La lluvia siempre me lleva de vuelta a ciertos episodios de mi niñez en los que viví temporalmente en Ciudad de Panamá, con vistas a quedarnos todo el tiempo del mundo, a no volver a Guatemala. Recuerdo mi reacción ante la noticia, mi iniciación como nómada. Yo tenía once años.
Miraba las calles de Guatemala pensando que no iba a volver, que las perdería y por eso tenía que memorizarlas. Ponía atención a cada detalle como si repasando sus bordes yo hiciera mía su construcción colorida y sin embargo, la memoria, que no tiene vocación de aprehensiva, hacía lo suyo: construía otra ciudad en mí y no esa que trataba en vano de apropiarme.
Recuerdo a mi abuelo el día en que nos fuimos, de pie frente al cristal de la terminal aérea mirando un avión que se llevaba a su familia y yo, despidiéndome sin que me viera posar la mano sobre el cristal redondeado de la nave. Sus ojos llorosos como la lluvia.
No era la primera vez que vivía en Panamá. Ya sabía del calor al abrir la puerta del avión, de la humedad abrasiva. Pero no recordaba que ahí llovía tanto. No es lo mismo la lluvia cayendo sobre el asfalto que sobre el mar. Aquello es un espectáculo de bravura, de gigantez, un rugido amenazante a plena luz del día.
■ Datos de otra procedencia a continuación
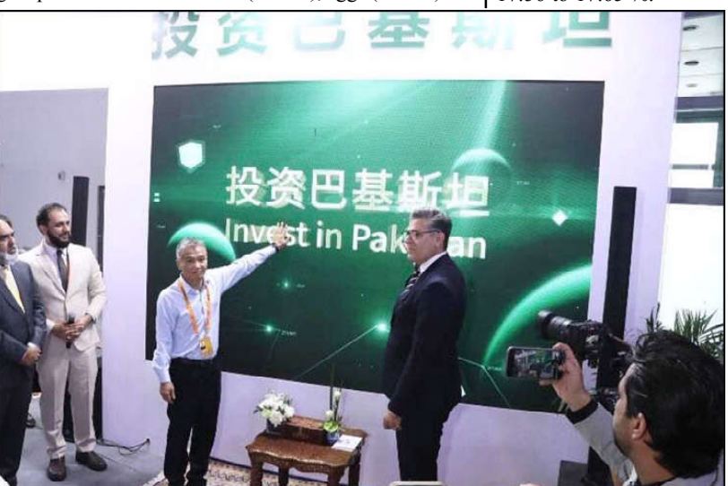
BEIJING: The Pakistan Pavilion at the prestigious China International Fair for Trade in Services (CIFTIS) 2024 was inaugurated by Pakistan's Ambassador to China, Khalil Hashmi accompanied by Zhang Yanqing, Deputy Secretary-General of the People's Government of Pingdingshan City.

ISLAMABAD (APP): The weekly inflation, measured by the Sensitive Price Indicator (SPI), witnessed a nominal increase of 0.01 percent for the combined consumption groups during the week ended on September 12, the Pakistan Bureau of Statistics (PBS) reported on Friday. According to the PBS data, the SPI for the week under review in the above-mentioned group was recorded at 319.28 points as compared to 319.24 points during the past week. As compared to the corresponding week of last year, the SPI for the combined consumption group in the week under review witnessed an increase of 14.36 per cent. The weekly SPI with the base year 2015-16 =100 covers 17 urban centres and 51 essential items for all expenditure groups. Likewise, SPI for the lowest consumption group of up to Rs 17,732 witnessed increase of 0.58 per cent and went up to 312.14 points from last week's 310.35 points. The SPI for consumption groups of Rs 17,732 to 22,888 and Rs 22,889-29,517 increased by 0.69 percent and 0.05 percent whereas for consumption groups from Rs 29,518-44,175 and above Rs 44,175, it decreased by 0.12 percent and 0.30 percent respectively. During the week, out of 51 items, prices of 15 (29.41%) items increased, 14 (27.45%) items decreased and 22 (43.14%) items remained stable. The items, which recorded major decrease in their average prices on a week-on-week basis included bananas (6.04%), pulse mash (1.33%), wheat flour (0.97%), LPG (0.96%), eggs (0.91%).

Nos instalamos en un apartamento con vista al mar, en Paitilla. Aquella era una zona muy confortable, llena de edificios modernos y sitios abandonados donde la hierba crecía selvática. Era una especie de amazonas con incrustaciones de concreto. Piscinas como la de nuestro edificio, llenas de hojas y agua azul movida por la lluvia.
Las avenidas de Panamá refulgentes de vida, con vendedores aplaudiendo cuando uno pasaba para llamar la atención a los objetos. Un restaurante de mariscos llamado Chimborazo. Los hombres que por las mañanas empujaban carretas bajo el fuego del sol vendiendo chicha, los vecinos cubanos jugando al béisbol mientras les abrían las puertas de Miami. El sabor crujiente de los patacones.
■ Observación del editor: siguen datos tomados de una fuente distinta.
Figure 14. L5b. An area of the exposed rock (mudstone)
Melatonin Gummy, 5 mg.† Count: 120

Recuerdo las tardes en las que salíamos a jugar y mirar nuestra nueva vida. El canal y sus reservas de árboles. Un restaurante en medio de la selva con cañones oxidándose en la puerta. Un marine respondiéndome el saludo marcial que le hice desde el auto, cuando entramos a una sección del canal protegida.
Recuerdo aquella tarde en que nos estacionamos frente a un hipódromo bajo la lluvia. Recuerdo el gris del cielo derrumbarse a pedazos frente a nosotros, mientras el estruendo de una manada de caballos furiosos reventaba la pista y hacía temblar el auto bajo el aguacero. Llovía, siempre llovía en el Panamá gris que me creció en la memoria.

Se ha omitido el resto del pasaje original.